You put your finger on it with your comment that "you have to want to use their toolset to make these add-ons." Microsoft is famous for their "strategy tax," and enforcing a particular toolchain is an example of that tax, taking away choice from developers to fuel their business model.

That being said, you're right that I didn't do my homework to verify how healthy the IE toolbar ecosystem is before making my comment. The windowsmarketplace.com site where the various third party plugins are listed is pretty hard to use, so I wasn't able to verify how many plugins there are, but it doesn't look as rich or as varied as the firefox ecosystem. I'd love to see some comparative stats on the two of them.

BTW, I'm curious what part of my comment you found uncivil. Disagreeing on matters of substance is not lack of civility.

GerardM   [04.23.07 04:39 AM]

Microsoft lost its exclusive dominant market position. It used to be true that companies could ignore the other browsers. Now with Firefox having over 30% of the browser traffic in many countries, it is no longer possible to create web applications that rely on a Microsoft infrastructure on the client side.

Obviously you can maintain such applications. The result is that the clients will vote with their feet where they can. The result is that competing websites providing the functionality for 100% of the market. What marketing manager or customer relation officer worth his salt will allow for this once the realisation sinks in why the competition does better? ... It is only 43% on top or their current market.

Thanks,
GerardM

Jon Udell   [04.23.07 09:56 AM]

Regarding this trackback:

"Here's a challenge for some bright intern at Microsoft - write an IE7 add-on that allows GreaseMonkey scripts to run on IE7. Impossible? Maybe - I'm not sure. But it would be a hell of an add-on!"

There have been several. Reify's Turnabout seems to have the most traction. And by a very strange coincidence, I just ticked off a longstanding todo item which was to get my LibraryLookup Greasemonkey script working in IE:

http://blog.jonudell.net/2007/04/23/greasemonkeying-with-ie/

michael holloway   [04.23.07 11:16 AM]

I've heard from a good source that Ubuntu OS does not run video applications very well. I think audio/visual platforms are going to dominate in web 2.0. I want to switch to the open source OS, but I don't want to miss the leading edge of the revolution (this one apparently, Will be on 'TV').
John's input has made many points mute; but I still like FireFox.
There are essential logic faults in IE. The 'finish' button is often hidden away top-left instead of bottom-right. The illiterate way MS platforms are laid out is frustrating.

Asa Dotzler   [04.24.07 04:06 PM]

Dave, I think you're missing _the_ key difference between IE toolbars and Firefox add-ons.
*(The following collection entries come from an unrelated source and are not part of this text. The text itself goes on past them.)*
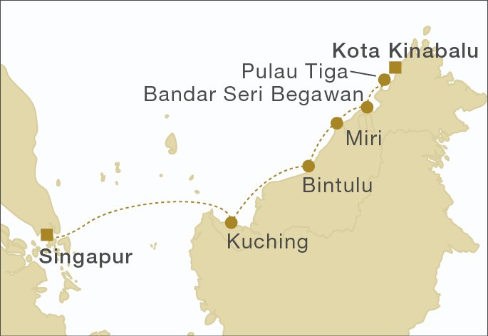 Stationen der Reise: Wien Singapur Kuching Bintulu Miri Bandar Seri Begawan Pulau Tiga Kota Kinabalu Wien
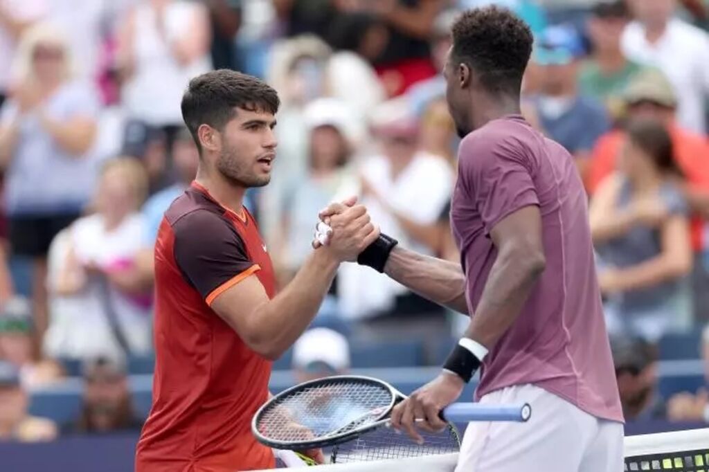 | Carlos Alcaraz (gauche) et Gaël Monfils à l'issue de leur match à Cincinnati, le 16 août. |
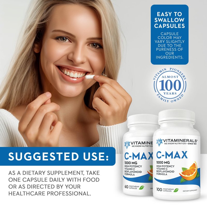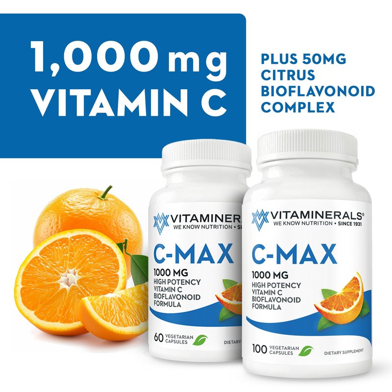 Vitaminerals ® C MAX Antioxidant Support 1,000 mg Vitamin C, with Bioflavanoids - Veggie Capsules (60 Vegetarian Capsules)

Firefox is built on open web standards and that empowers an entire community of existing web developers to build applications or application extensions for Firefox. The toolkit is the web toolkit, all based on free and open standards.

Firefox is more like the Web than IE and that's why the Firefox extension growth is more like the growth of the Web. It's can be quick and dirty but it works and the barriers to participate are very low.


 

Tim, this reminds me of a day almost three years ago. You were meeting with Brendan and Mitchell, and talking about extensions, and I interrupted to show you all an extension I'd just recently discovered called the All Music Guide Corrector.

AMG had just redesigned their site for the worse and one enterprising user decided to fight back. Firefox was the tool that gave him the leverage he needed and today we have GreaseMonkey and thousands of scripts being developed and shared (and in this case, mashed up) empowering millions of users to directly improve their web experience.

 

This is precisely why Firefox (and Mozilla) are more like the Web than IE and Microsoft. This kind of thing will happen over and over again in communities that are based on the free and open exchange of ideas, code, tools, etc. Sure, there's a "Yahoo Toolbar for IE" that pops up every once in a while but it's not natural in an ecosystem which is based on capturing users rather than empowering them.